# Definition of "super"?



## Judy Bee (Jul 4, 2006)

Last week I was preparing a talk on equipment for our annual one-day 'bee school' for beginner beekeepers and found a confusing definition for a "super".

A long time beekeeper supplied me with a diagram, which defined a "super" as any box containing frames for bees. There were deep supers and western supers. But this wasn't what I learned some years ago.

When I first started beekeeping a "super" was a box used for surplus honey. If you used a queen excluder the supers were on top of it and brood boxes were below it. Also the term "supering" was used as a verb to describe what you did when you put on a box for surplus honey.

Can anyone give a definitive definition, or is "super" really one of those ambiguous terms?

-Judy


----------



## sierrabees (Jul 7, 2006)

Thirty years ago most beekeepers used a standard configuration using deep boxes for brood chambers and smaller boxes for those heavy honey frames. At that point the lower box or boxes were refered to as brood boxes and everything above that was a super.
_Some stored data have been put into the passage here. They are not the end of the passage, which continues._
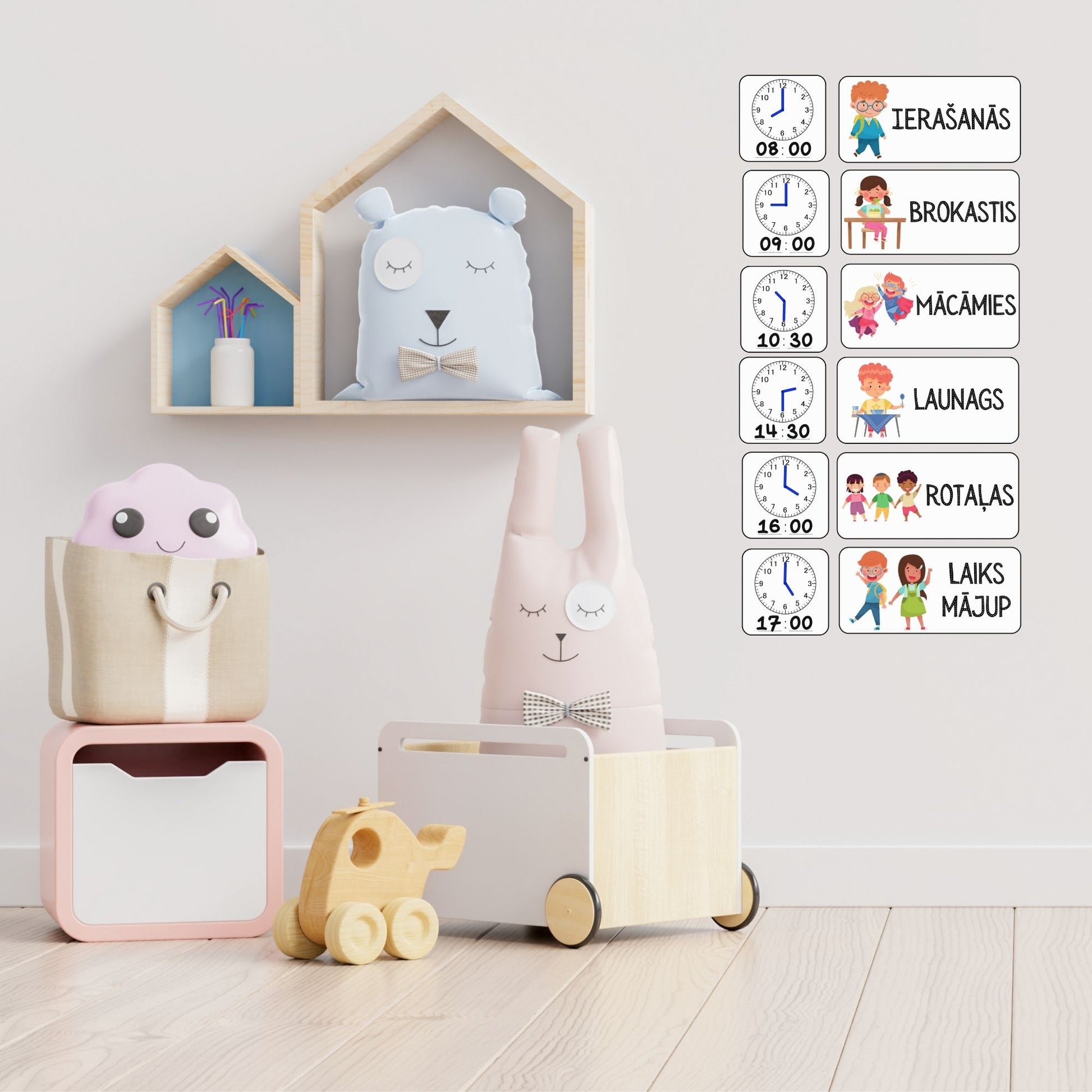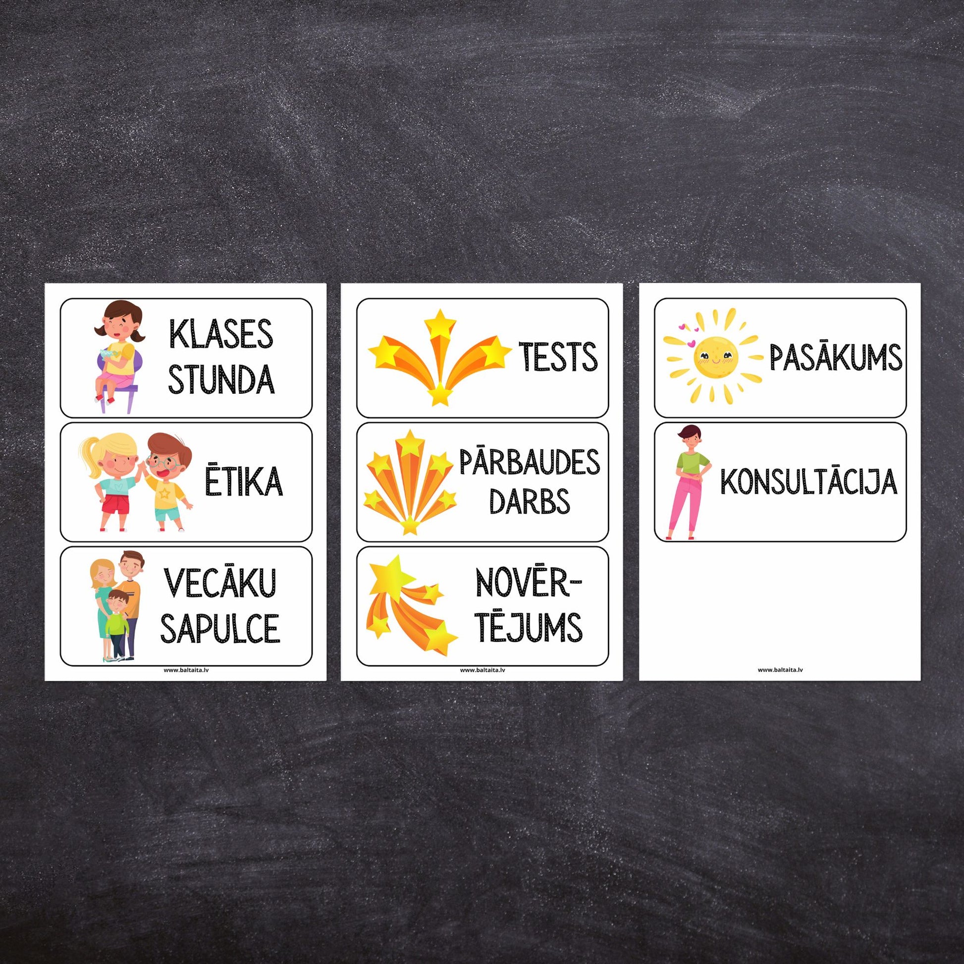 Šis dienas režīma materiāls ietver nodarbību un dienas ritma nosaukumus pirmsskolai un mācību stundu nosaukumus sākumskolai.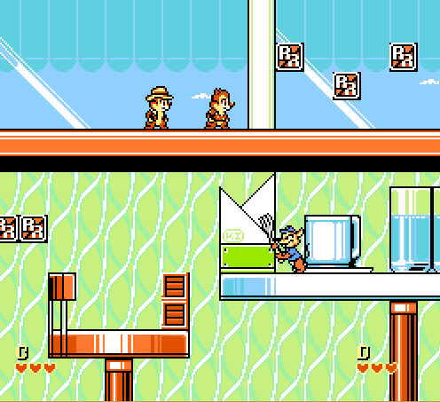但如果要说最有趣的,恐怕还是要说到该作的系统设定上。在原版动画中,主人公有奇奇(Chip)和Dale(蒂蒂)两位角色,所以在依据动画改编的游戏中,同样也是如此设定的。同时这也意味着《松鼠大作战》是一款可以在红白机上支持双人模式玩法的游戏作品。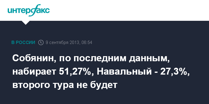 Собянин, по последним данным, набирает 51,27%, Навальный - 27,3%, второго тура не будет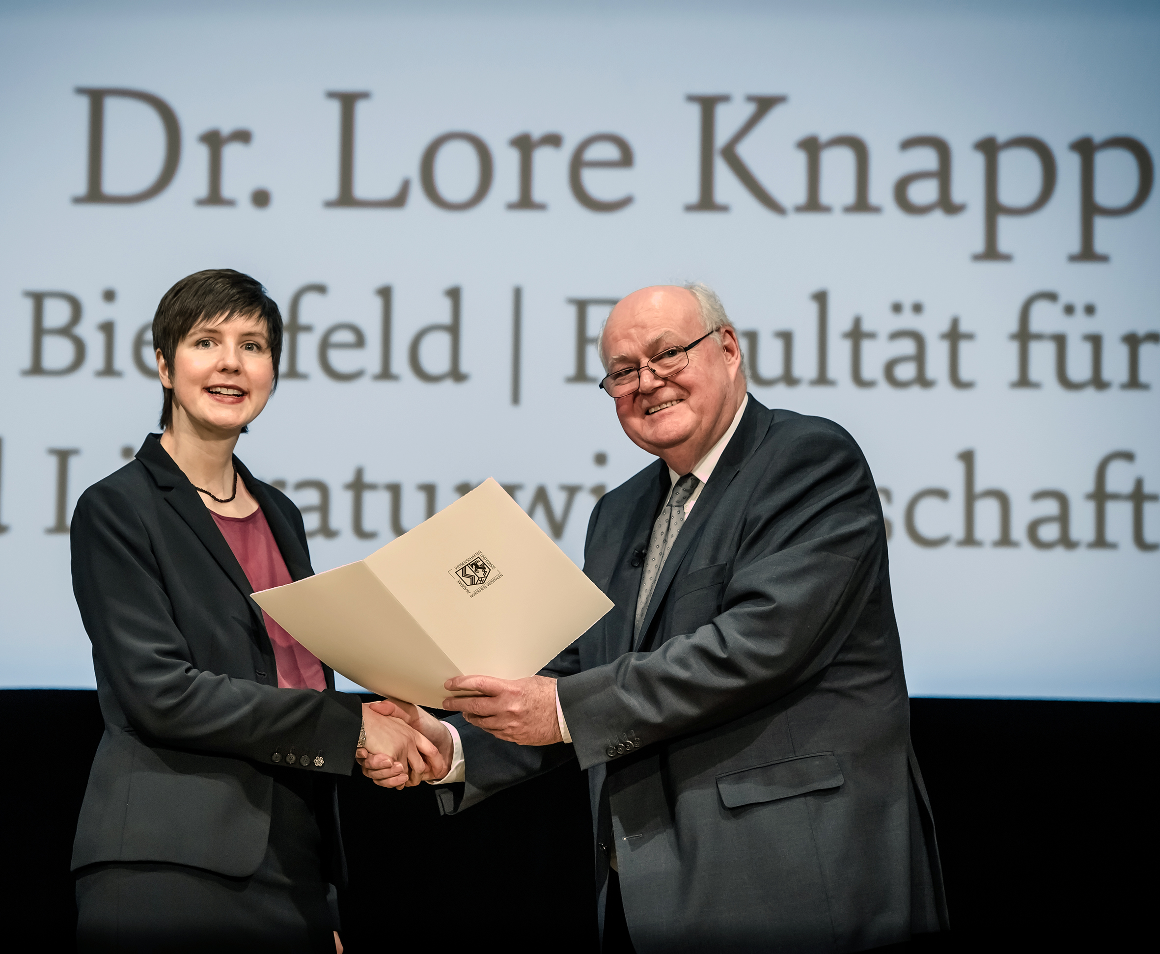 Dr. Lore Knapp (Jahrgang 1983) ist gestern (17.01.2017) von der Nordrhein-Westfälischen Akademie der Wissenschaften und der Künste in das Junge Kolleg aufgenommen worden. Sie ist seit 2014 Akademische Rätin (vergleichbar einer Juniorprofessur) an der Fakultät für Linguistik und Literaturwissenschaft der Universität Bielefeld und habilitiert über den britisch-deutschen Literaturtransfer im 18. Jahrhundert. Sie hat Neuere deutsche Literatur, Theaterwissenschaft und Musikwissenschaft an der Freien Universität Berlin studiert, forschte an der Universität Cambridge, Großbritannien, und promovierte 2013 an der Freien Universität Berlin. Das Junge Kolleg fördert hervorragende Nachwuchswissenschaftlerinnen und Nachwuchswissenschaftler - maximal 30 – für jeweils vier Jahre und bietet ihnen interdisziplinären Austausch sowie ein jährliches Stipendium in Höhe von 10.000 Euro. Voraussetzung für die Mitgliedschaft sind zusätzlich zur Promotion herausragende wissenschaftliche Leistungen an einer Hochschule oder Forschungseinrichtung in Nordrhein-Westfalen. Derzeit sind drei Bielefelder Mitglied im Jungen Kolleg.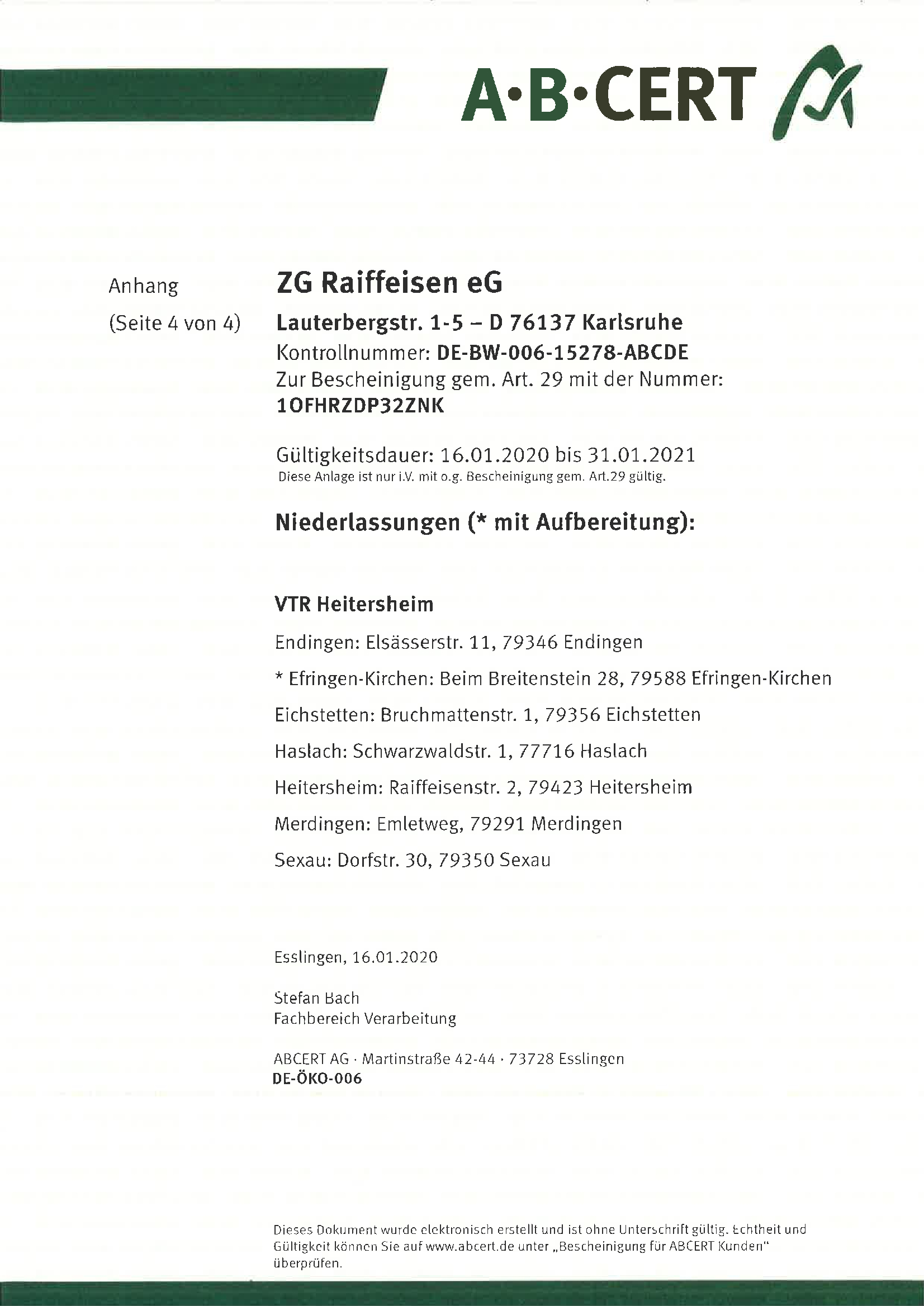 Certificat Bio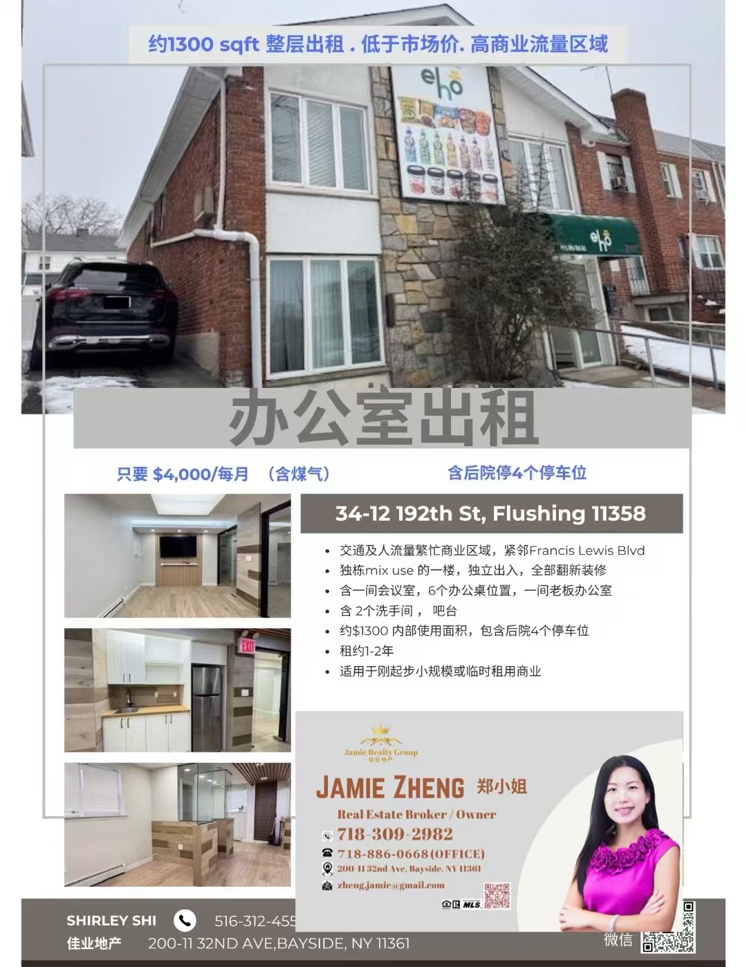 🔥🔥法拉盛 贝赛超值办公室出租 💰只要$4,000/每月地址 34-12 192nd St Flushing NY 11358约1300 sqft 整层出租.低于市场价。.👉🏻交通及人流量繁忙商业区域,紧邻Francis Lewis Blvd
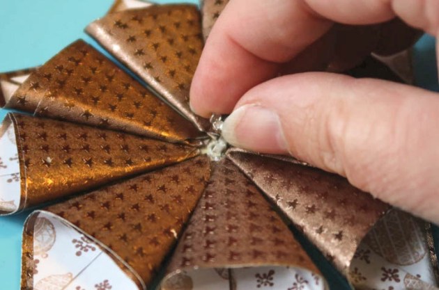 Draw a circle and branches with the Rich Cocoa Memento Marker brush tip. You also can use a circle template to draw the circle.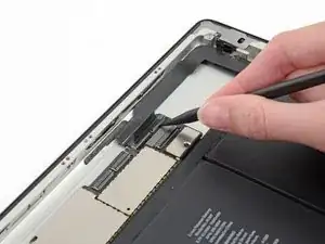 Антенна прикреплена к нижней части iPad винтами и кабелем. Этот шаг отделяет антенну от передней панели, гарантируя, что при снятии панели антенна не будет повреждена.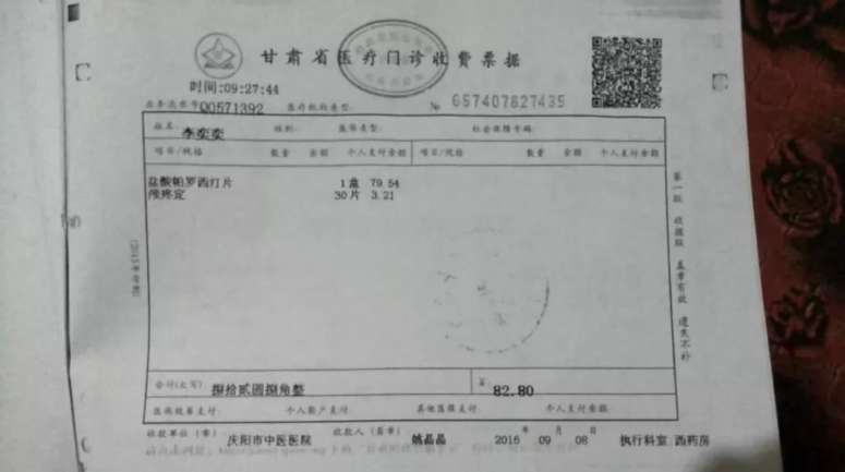 李奕奕父女第一次到庆阳市中医医院就诊后的药单,时间为2016年9月8日。此次就诊并没有诊断结果和“抑郁症”诊断书。(除特别标注外,图片均为作者所摄)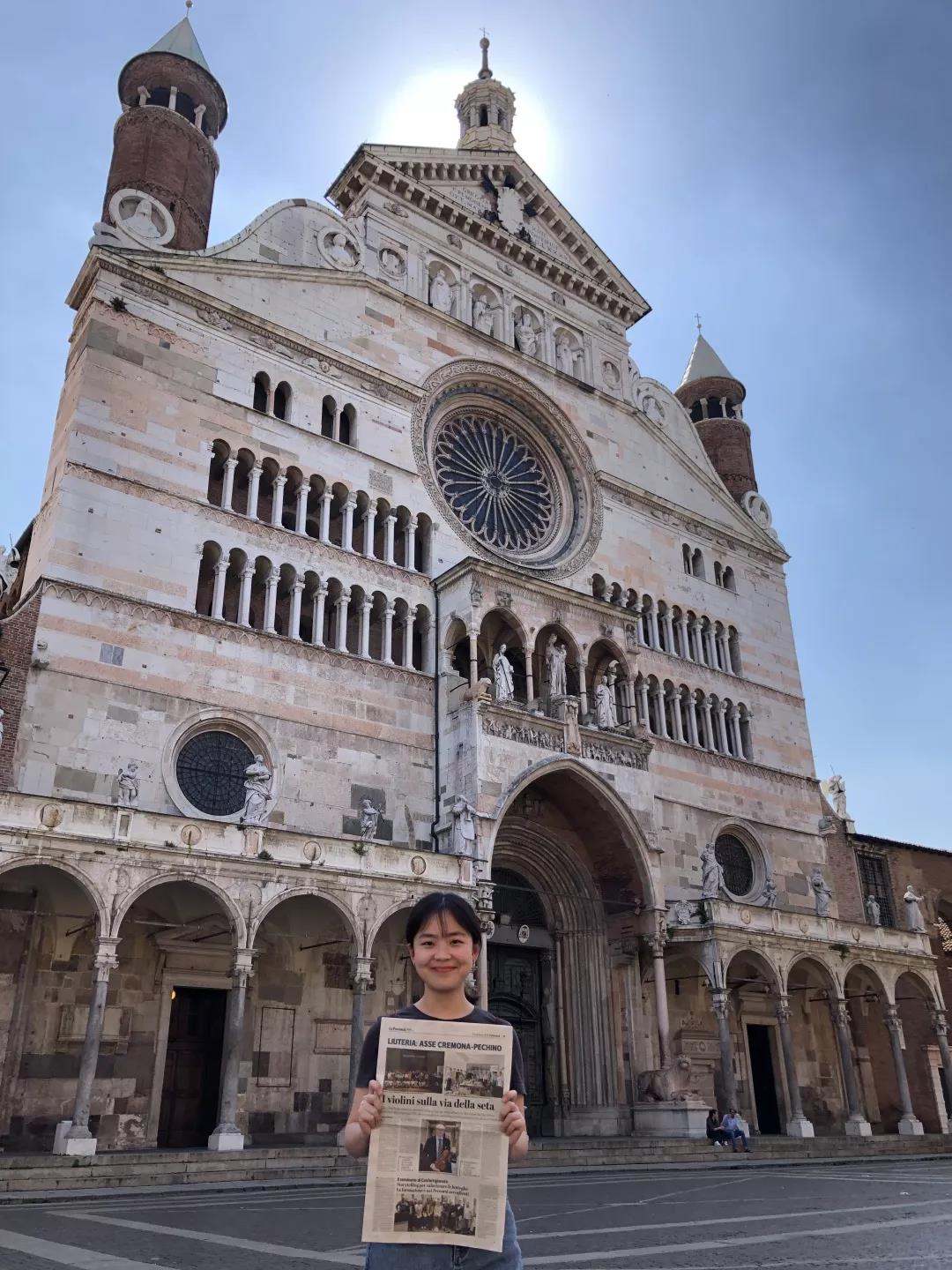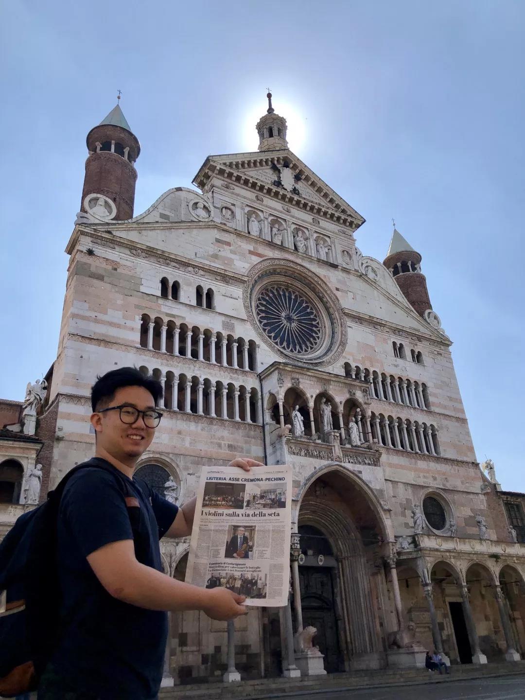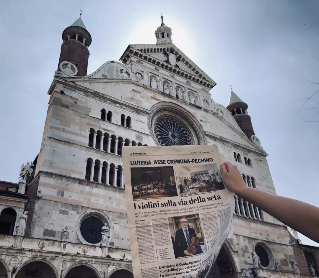 日前提琴故乡意大利克雷莫纳的著名媒体记者Nicola Arrigoni 对KY开元新上任的提琴制作研究中心副主任高彤彤老师进行了电话采访,之后在当地第一大报 La Provincia 上发表了题为“丝绸之路上的小提琴”的署名文章,与此同时就在这则新闻登报发售的当天,KY开元提琴制作研究中心的两名同学恰巧就在当地,随即买下报纸并在克雷莫纳的标志性建筑——主教堂前自豪地拍照留念。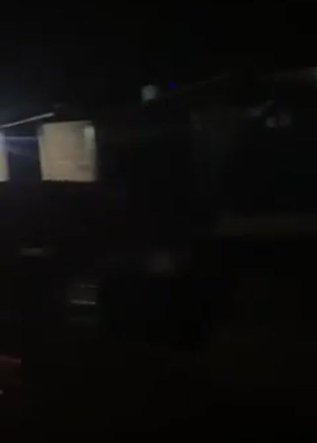 The video appears to be shot from inside a moving vehicle at night, possibly a car. The initial shot shows a building with lights strung up. The camera then pans to the left, showing a cement block structure with a table inside. The view becomes extremely dark, with occasional glimpses of light from street lamps or other sources.

Nowadays many of us use the small boxes throughout the hive and refere to all boxes as supers. I don't think it is important what terminology you use because all parts of a beehive are really defined by their function in that particular hive, and that function can change for a variety of reasons.


----------



## wade (Apr 1, 2006)

I've always taken it to mean, the box or boxes above the brood chamber. Most folks use it that way. The only time I see it used as "any box" is at Glorybee.


----------



## Michael Bush (Aug 2, 2002)

Super is a latin word that means above. A super is any box above the brood.


----------



## Dave W (Aug 3, 2002)

A "box" has a bottom, both "honey supers" or "brood chambers" are open. 

>which defined a "super" as any box containing frames for bees . . .
Sounds like a nuc


----------



## JWG (Jun 25, 2004)

*Super?*

Originally, "superhive" = additional chamber added above the main hive.

"Super" generally refers to a box of combs intended for surplus honey storage (and harvesting). This, regardless of the size. Usually this is short for "honey super."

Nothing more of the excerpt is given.